Fig. 6. — *egl-1* expression in the M4 sister cell requires *ceh-34* and *eya-1*. (*A–F*) The *P_egl-1::4xNLS::gfp* and *P_ceh-28::4xNLS::mCherry* transgenes were coexpressed in *ced-3(n717)* animals (*A–C*) and *ced-3(n717); ceh-34(n4796)* animals (*D–F*). (A and D) Expression of the *P_egl-1::4xNLS::gfp* transgene. (B and E) Expression of the *P_ceh-28::4xNLS::mCherry* transgene in the M4 neuron and M4 sister cell. (C and F) Merged images. Arrows indicate the M4 neuron; arrowheads indicate the M4 sister cell.
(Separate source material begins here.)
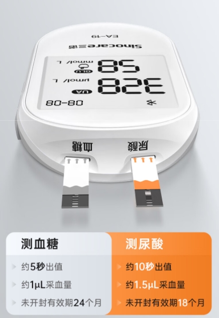 其实判断尿酸仪什么牌子的好用又准确,除了准度,品牌实力和使用体验也很关键。三诺是深耕家用检测领域20多年的老品牌了,市场口碑一直很稳,买他们东西心里先有了三分底。这款三诺尿酸仪EA-19还有免调码专利,试纸即插即测,不用像传统仪器那样反复手动调码,哪怕是老人也能轻松操作。对于需要同时关注血糖的人群,它的一机双测设计更是贴心,一次采血就能同时获取尿酸和血糖数据,5秒出血糖值、10秒出尿酸值,大大提升了检测效率。更方便的是手机互联功能,连接"三诺健康"小程序后,每次测量数据会自动上传,生成清晰的趋势曲线,复诊时直接展示给医生,比手写记录更直观准确。

Both cells are circled. (Scale bar, 5 μm.) (G) Percent of animals lacking expression of the *P_egl-1::4xNLS::gfp* transgene in the M4 sister cell is indicated for *ced-3(n717)*, *ced-3(n717); ceh-34(n4796)*, and *eya-1(ok654Δ); ced-3(n717)* animals. (H) A model for the control of M4 sister-cell death by CEH-34 and EYA-1 is shown for the wild-type, *ceh-34*, *eya-1*, or *egl-1(n4820)* mutants.

Discussion

ceh-34 and eya-1 Promote M4 Sister-Cell Death by Directly Activating Transcription of the Proapoptotic Gene egl-1.
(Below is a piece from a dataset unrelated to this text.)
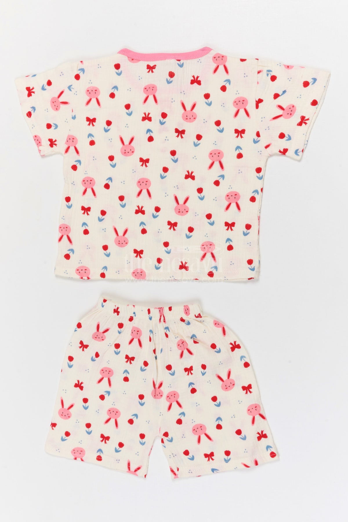 - This kids cotton night suit with bunny print combines comfort and playful design

From a genetic screen for mutants defective in the death of the M4 sister cell and a subsequent candidate-gene approach, we identified two genes that specify the cell-death fate of the M4 sister cell: the Six family homeodomain gene ceh-34 and the eyes absent ortholog eya-1. Based on our findings, we propose a model for the regulation of M4 sister-cell death (Fig. 6H). In wild-type animals, a complex consisting of the CEH-34 and EYA-1 proteins binds to the egl-1 5′ cis-regulatory element and activates egl-1 expression in the M4 sister cell, causing the M4 sister cell to die. In ceh-34 or eya-1 mutants, a functional CEH-34-EYA-1 complex is not formed, and egl-1 is not expressed, causing the M4 sister cell to survive. In egl-1(n4820) mutants, the CEH-34-EYA-1 complex cannot bind to the egl-1 5′ cis-regulatory element, and egl-1 is not expressed, causing the M4 sister cell to survive. The same transcriptional regulatory mechanism likely, at least in part, promotes I1 sister-cell death, because ceh-34(n4796), eya-1(ok654Δ), and egl-1(n4820) also caused survival of the I1 sister cells.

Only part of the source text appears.